Lakeland High School students from left, Abigail Conner and Nicole Kimling listen to instructions from Lewiston Police Officer Rob Massey during a police training simulation of a mock keg party in Coeur d'Alene on Monday, May 22, 2017. (Kathy Plonka / The Spokesman-Review)
Lakeland High School students from left, Abigail Conner and Nicole Kimling listen to instructions from Lewiston Police Officer Rob Massey during a police training simulation of a mock keg party in Coeur d'Alene on Monday, May 22, 2017. (Kathy Plonka / The Spokesman-Review)

“All right, who’s been drinking tonight?”

Lewiston police Officer Rob Massey stood in the living room of a well-kept ranch home surrounded by a forest. A group of teenagers sat on the floor – some trying not to smirk, others looking fearful of the impending consequences of their behavior.

“You been drinking? You? Huh?” Massey asked with a stern expression. “Be honest with me.”

One by one, the teens stood up and answered questions about their age, how many drinks they’d had and whether their parents knew about the party.

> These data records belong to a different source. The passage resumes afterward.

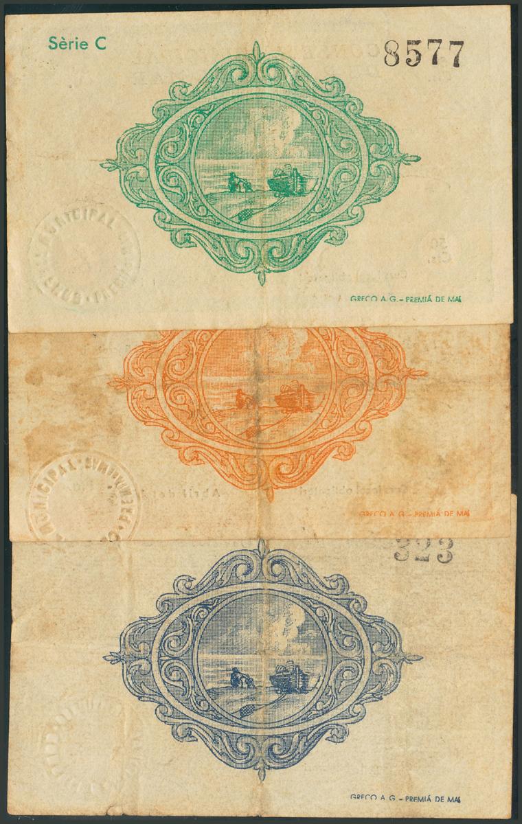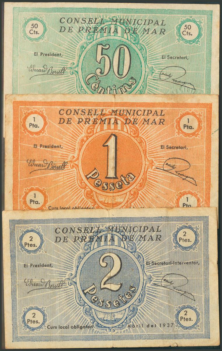 PREMIA DE MAR (BARCELONA). 50 Céntimos, 1 Peseta y 2 Pesetas. Abril 1937. Series C, B y A. (González: 9461/63). MBC.
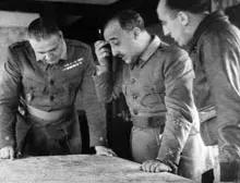 | Командующий Русской освободительной армией генерал Андрей Власов. Рядом: группа офицеров РОА, крайний справа – Григорий Ламздорф | |
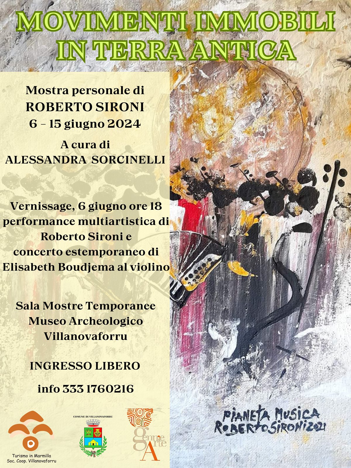 Giovedì 6 giugno, alle ore 18 nella Sala Mostre del Museo Archeologico di Villanovaforru, verrà inaugurata la mostra d’arte “MOVIMENTI IMMOBILI IN TERRA ANTICA”, personale di Roberto Sironi, a cura di Alessandra Sorcinelli

Red plastic cups littered the floor. Some boys were still hiding behind trees in the backyard, carrying bags of white powder (baking soda) and dried green leaves (Italian seasoning).

The scene unfolded Monday afternoon at a home just south of Coeur d’Alene, overlooking Mica Bay. It was a simulation designed to teach law enforcement officers how to respond to underage drinking parties, which present a range of unique challenges.

“Some are logistically easier than others,” said Jermaine Galloway, a former Boise police officer who now works full-time as a law enforcement trainer. “Some are an absolute nightmare to work.”

Towering at 6 feet 9 inches, Galloway, who once played Division I basketball, calls himself “the Tall Cop.” He trains thousands of officers in about 35 states each year. He’s known as an expert in drug and alcohol safety, trends and enforcement.

Monday’s simulations followed a classroom training session at the Idaho State Police office in Coeur d’Alene. Officers from more than a dozen agencies, including several from Michigan and some from the U.S. Forest Service, took turns knocking on the front door of the home and rounding up the teens as they scurried out the back.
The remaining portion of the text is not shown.